Fix sql bugs (#7219)

* fix nil when explaining * add plain details when running full scan * skip files by timestamp * skip file by timestamp * refactor * handle filter by time * skip broker memory only if it has unflushed messages * refactoring * refactor * address comments * address comments * filter by parquet stats * simplify * refactor * prune old code * optimize * Update aggregations.go * ensure non-time predicates are properly detected * add stmt to populatePlanFileDetails This helper function is a great way to centralize logic for populating file details. However, it's missing an optimization that is present in executeSelectStatementWithBrokerStats: pruning Parquet files based on column statistics from the WHERE clause. Aggregation queries that fall back to the slow path could benefit from this optimization.
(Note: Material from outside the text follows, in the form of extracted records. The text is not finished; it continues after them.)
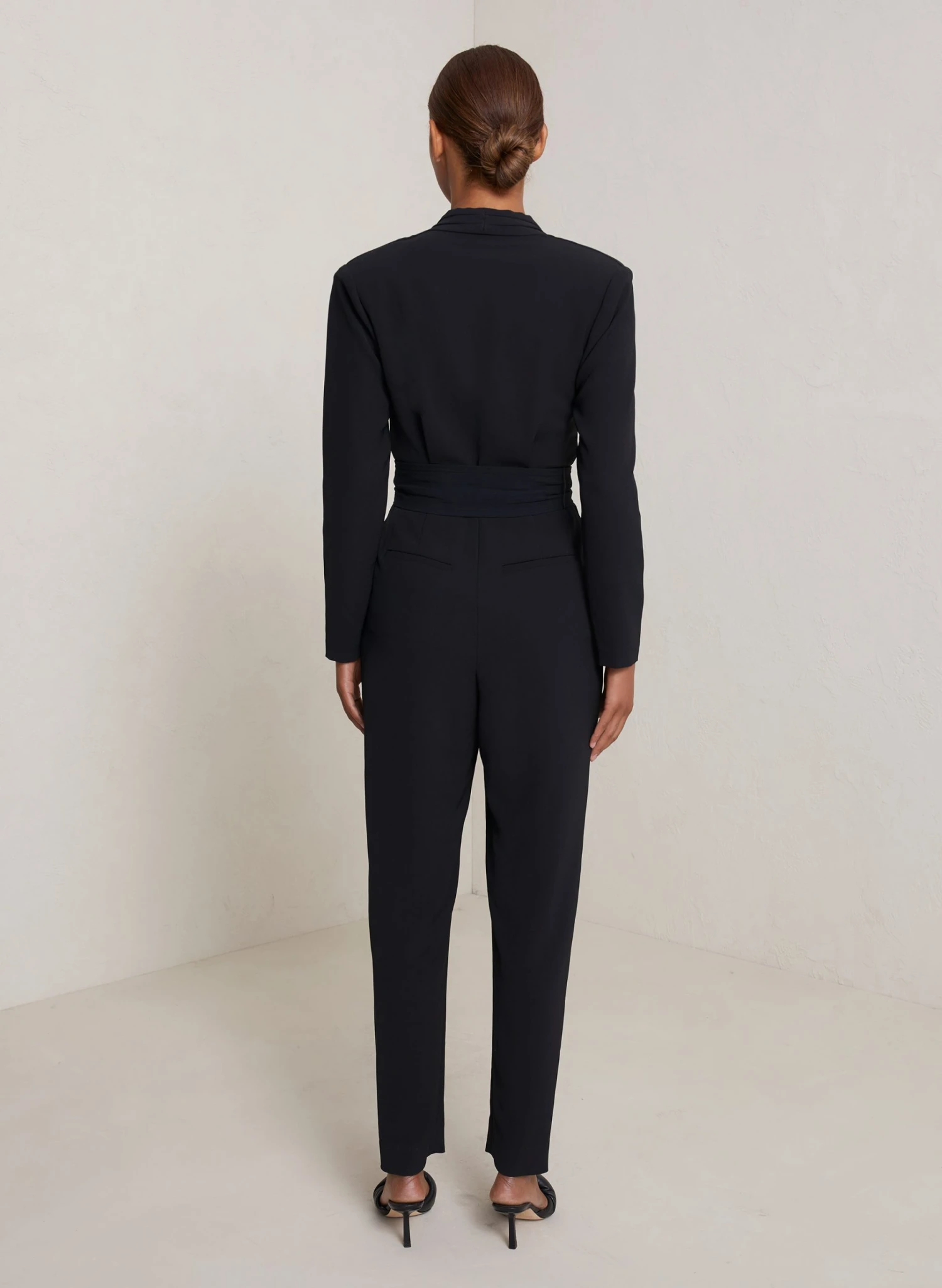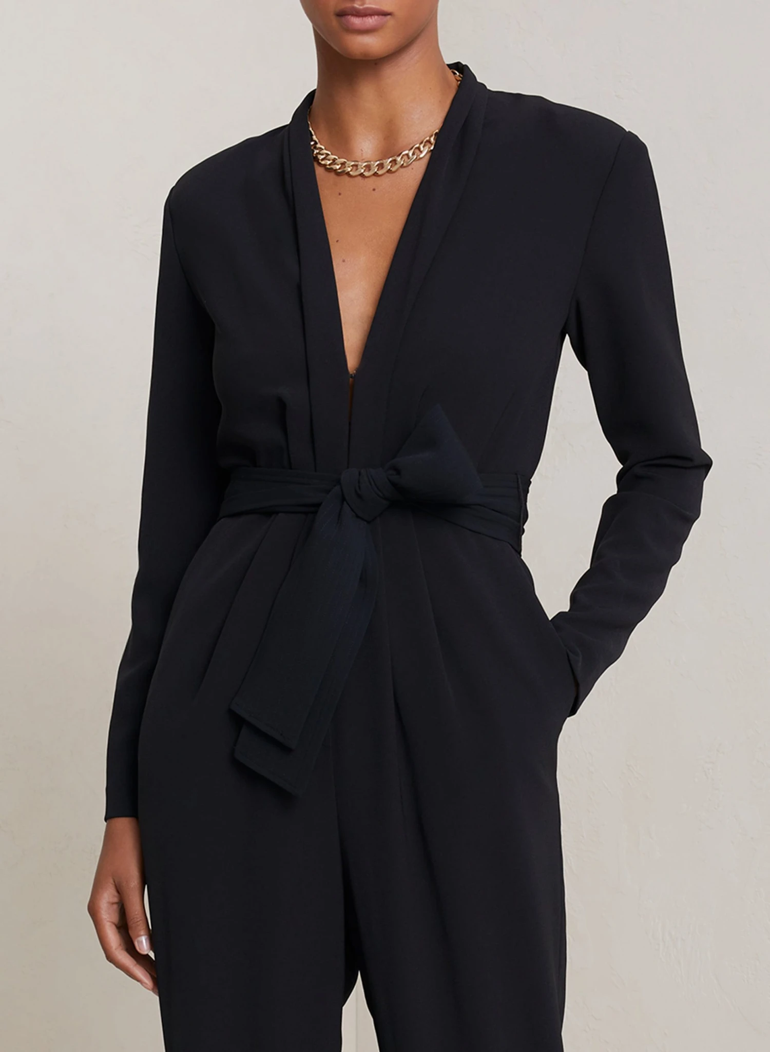 Shoulder pads add structure to our effortlessly chic long sleeve crepe jumpsuit. A quilted belt defines the darted waist, and a plunging neckline adds sophisticated sex appeal.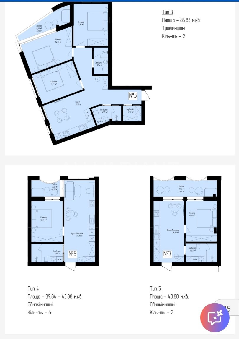 – трьох кімнатні;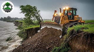 Starting A Perfect Project!! Filling Land Flooded Using Dozer Komat'Su D20P And Dump Truck Unloading
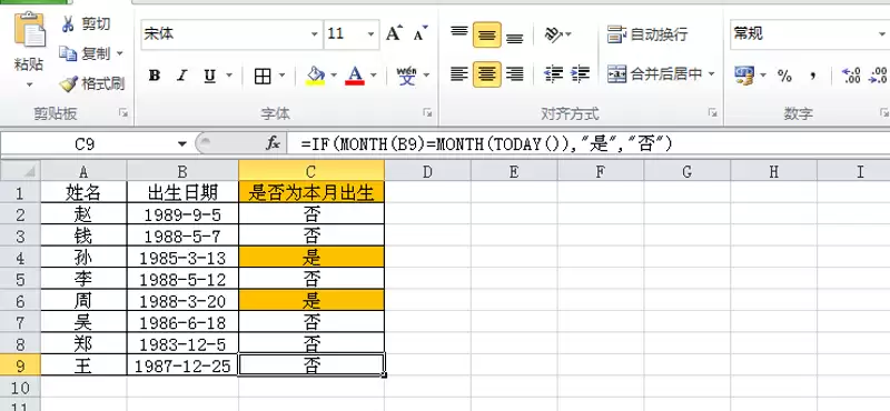 第二步,是核心的逻辑判断。在需要显示提醒的单元格(比如C2)输入公式:=IF(MONTH(B2)=MONTH(TODAY()),"是","否")。这个公式的作用很巧妙:它用MONTH函数分别提取生日和当前日期的月份进行比对。如果月份相同,就返回“是”,否则返回“否”。按下回车,第一个判断结果就出来了。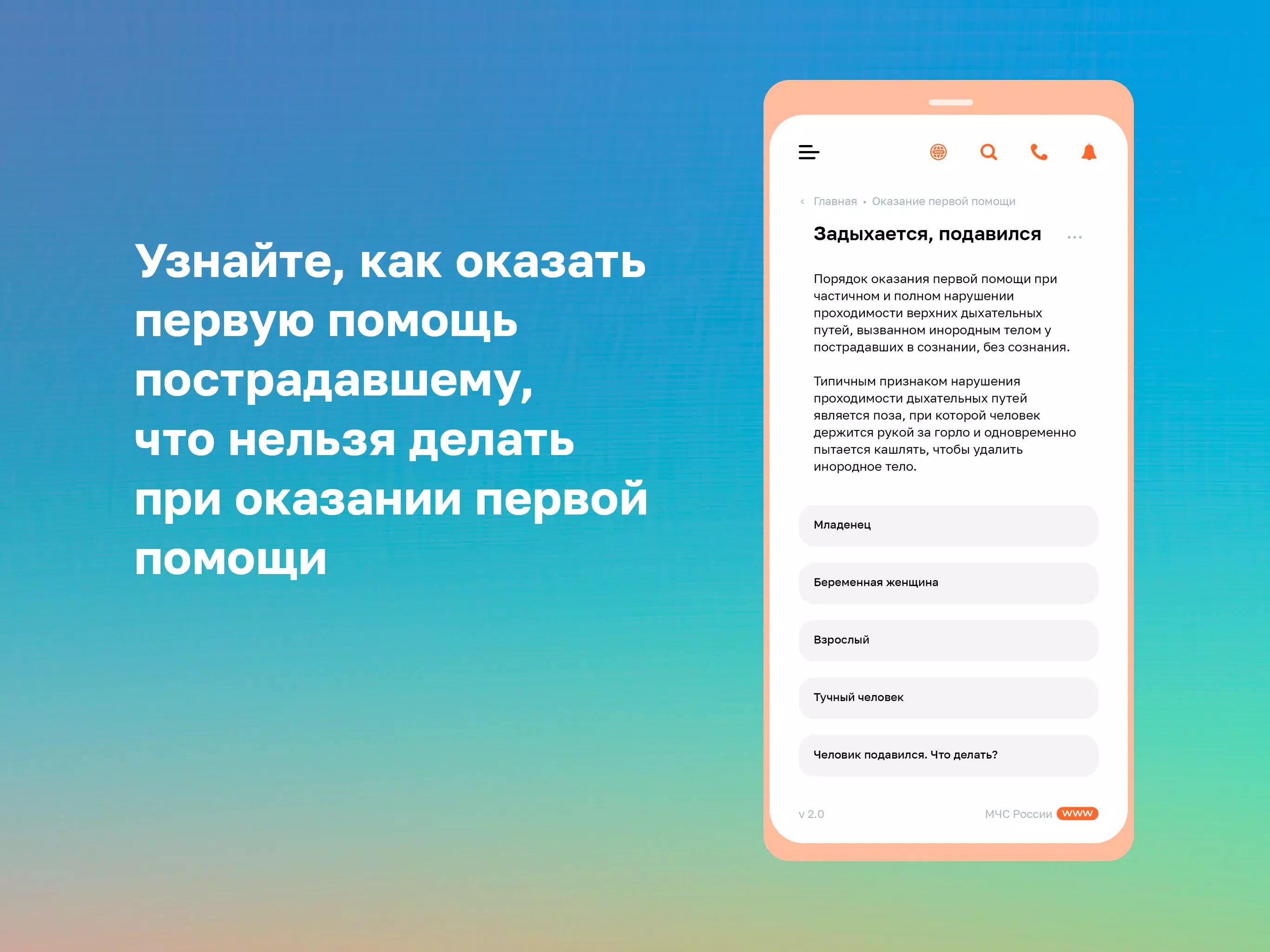В разделе «Что делать?» Вы сможете найти краткие инструкции, находящиеся всегда под рукой, с четкой последовательностью действий и правил поведения в экстренной ситуации. В разделе реализован голосовой помощник, озвучивающий текст статьи в случае отсутствия возможности держать телефон или прочитать информацию самостоятельно.

Consider modifying the function signature to accept the *SelectStatement and adding the column statistics pruning logic here, similar to how it's done in executeSelectStatementWithBrokerStats. * refactoring to work with *schema_pb.Value directly after the initial conversion
2025-09-10 11:04:42 -07:00
parent 8ed1b104ce
commit 58e0c1b330
5 changed files with 799 additions and 351 deletions
--- a/weed/query/engine/hybrid_message_scanner.go
+++ b/weed/query/engine/hybrid_message_scanner.go
@@ -3,6 +3,7 @@ package engine
 import (
 	"container/heap"
 	"context"
+	"encoding/binary"
 	"encoding/json"
 	"fmt"
 	"io"
@@ -145,6 +146,46 @@ type ParquetFileStats struct {
 	FileName    string
 	RowCount    int64
 	ColumnStats map[string]*ParquetColumnStats
+	// Optional file-level timestamp range from filer extended attributes
+	MinTimestampNs int64
+	MaxTimestampNs int64
+}
+
+// getTimestampRangeFromStats returns (minTsNs, maxTsNs, ok) by inspecting common timestamp columns
+func (h *HybridMessageScanner) getTimestampRangeFromStats(fileStats *ParquetFileStats) (int64, int64, bool) {
+	if fileStats == nil {
+		return 0, 0, false
+	}
+	// Prefer column stats for _ts_ns if present
+	if len(fileStats.ColumnStats) > 0 {
+		if s, ok := fileStats.ColumnStats[logstore.SW_COLUMN_NAME_TS]; ok && s != nil && s.MinValue != nil && s.MaxValue != nil {
+			if minNs, okMin := h.schemaValueToNs(s.MinValue); okMin {
+				if maxNs, okMax := h.schemaValueToNs(s.MaxValue); okMax {
+					return minNs, maxNs, true
+				}
+			}
+		}
+	}
+	// Fallback to file-level range if present in filer extended metadata
+	if fileStats.MinTimestampNs != 0 || fileStats.MaxTimestampNs != 0 {
+		return fileStats.MinTimestampNs, fileStats.MaxTimestampNs, true
+	}
+	return 0, 0, false
+}
+
+// schemaValueToNs converts a schema_pb.Value that represents a timestamp to ns
+func (h *HybridMessageScanner) schemaValueToNs(v *schema_pb.Value) (int64, bool) {
+	if v == nil {
+		return 0, false
+	}
+	switch k := v.Kind.(type) {
+	case *schema_pb.Value_Int64Value:
+		return k.Int64Value, true
+	case *schema_pb.Value_Int32Value:
+		return int64(k.Int32Value), true
+	default:
+		return 0, false
+	}
 }

 // StreamingDataSource provides a streaming interface for reading scan results
@@ -1080,6 +1121,15 @@ func (h *HybridMessageScanner) extractParquetFileStats(entry *filer_pb.Entry, lo
 		RowCount:    fileView.NumRows(),
 		ColumnStats: make(map[string]*ParquetColumnStats),
 	}
+	// Populate optional min/max from filer extended attributes (writer stores ns timestamps)
+	if entry != nil && entry.Extended != nil {
+		if minBytes, ok := entry.Extended["min"]; ok && len(minBytes) == 8 {
+			fileStats.MinTimestampNs = int64(binary.BigEndian.Uint64(minBytes))
+		}
+		if maxBytes, ok := entry.Extended["max"]; ok && len(maxBytes) == 8 {
+			fileStats.MaxTimestampNs = int64(binary.BigEndian.Uint64(maxBytes))
+		}
+	}

 	// Get schema information
 	schema := fileView.Schema()